In the July 2017 issue of the journal Plastic and Reconstructive Surgery an article was published entitled ‘Vertical Midface Lifting with Periorbital Anchoring in the Management of  Lower Eyelid Retraction: A 10-Year Clinical Retrospective Study’. In this paper the authors review almost 200 hundred patients with moderate to severe lower eyelid retraction and over 300 eyelid surgeries in which vertical repositioning of tissues (midface lift) was done to treat it. In their technique a direct midface lift (SOOF suspension to the orbital rim) was combined with two different techniques of strengthening the lateral canthus. (a spacer graft was also used in roughly one-third of the cases) In 98% of the patients (195 off 199) satisfactory correction of the lid retraction was obtained. Only 2 patients (2%)  needed another surgery due to inadequate correction.

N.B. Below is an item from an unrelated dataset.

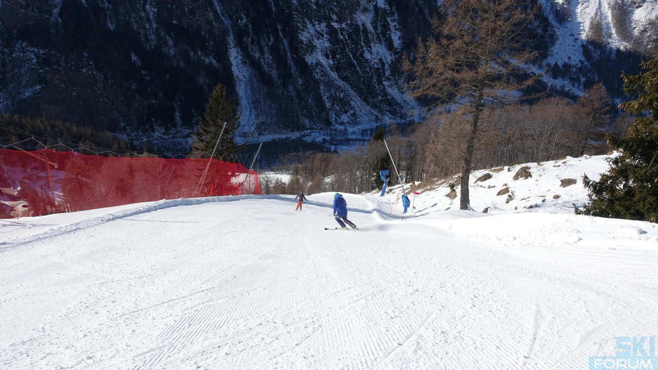 La pista ha anche un bel muro pendente, circa a metà pista, che va sciato con cautela. Termina con una stradina che superata la valletta adiacente la seggiovia riporta alla partenza.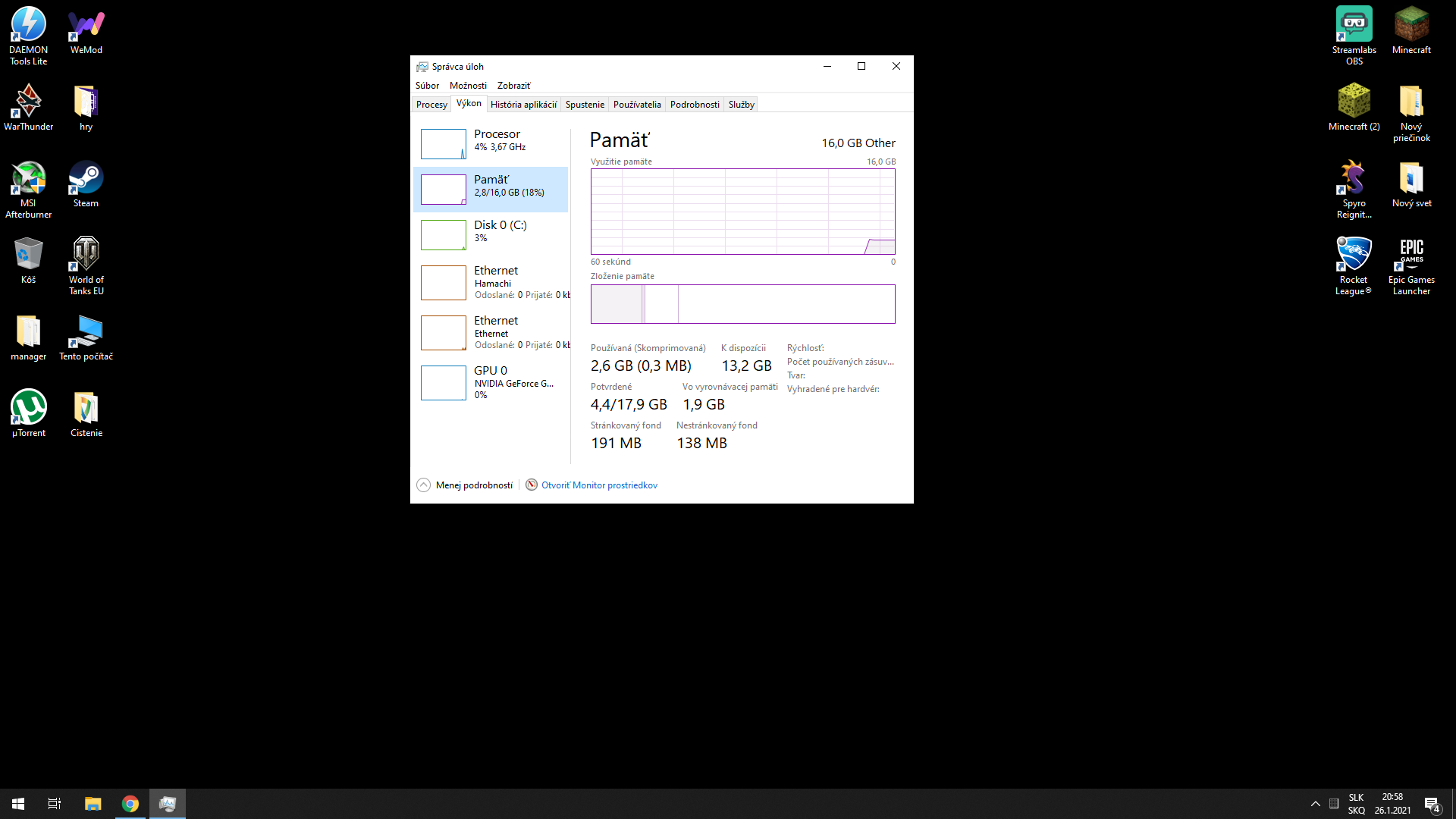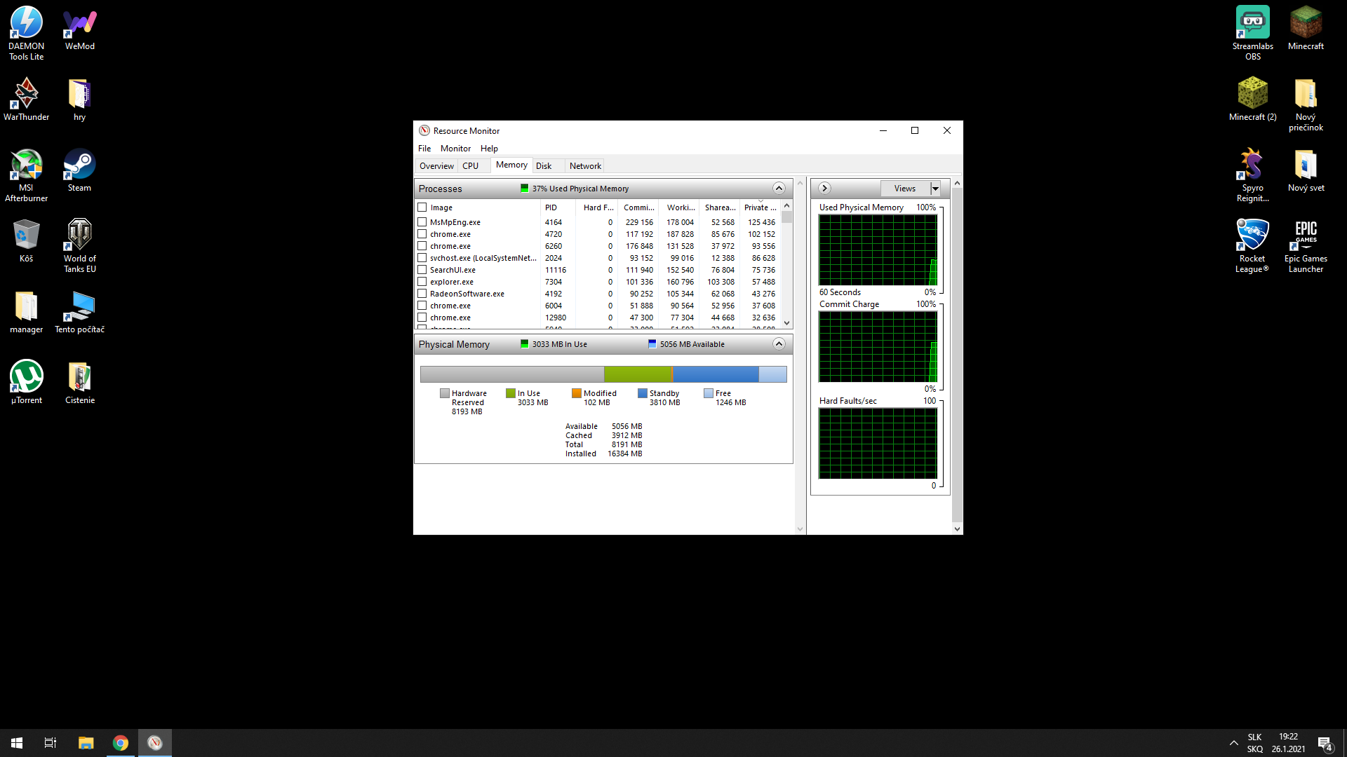 Speccy mi hlási že mám nainštalovaných 16GBaj HW monitor to isté ale ked dám správcu úloh tak mi píše že 8GB je hardware usage a na nete píšu že to može byt biosom alebo tým že som prehodil ramky ale kedže sú všetky rovnaké tým to asi nebude.A PC je teraz dost pomalší takže by som to rád dal dokopy

Midface lifting for lower eyelid correction is not new. It has long been recognized that the  lower eyelid and the cheek tissues are contiguous and what happens to one can potentially affect the other. Bringing the cheek tissues up into the eyelid can be done through a subsidiary incision with only a minimal extension of the lateral canthal skin incision. The purely vertical pull is the key and it must be done by direct anchorage to the orbital rims using bone holes and sutures. This is a very powerful technique and its ability to bring tissue upward can often be seen in the redundancy that occurs in the lateral canthal area.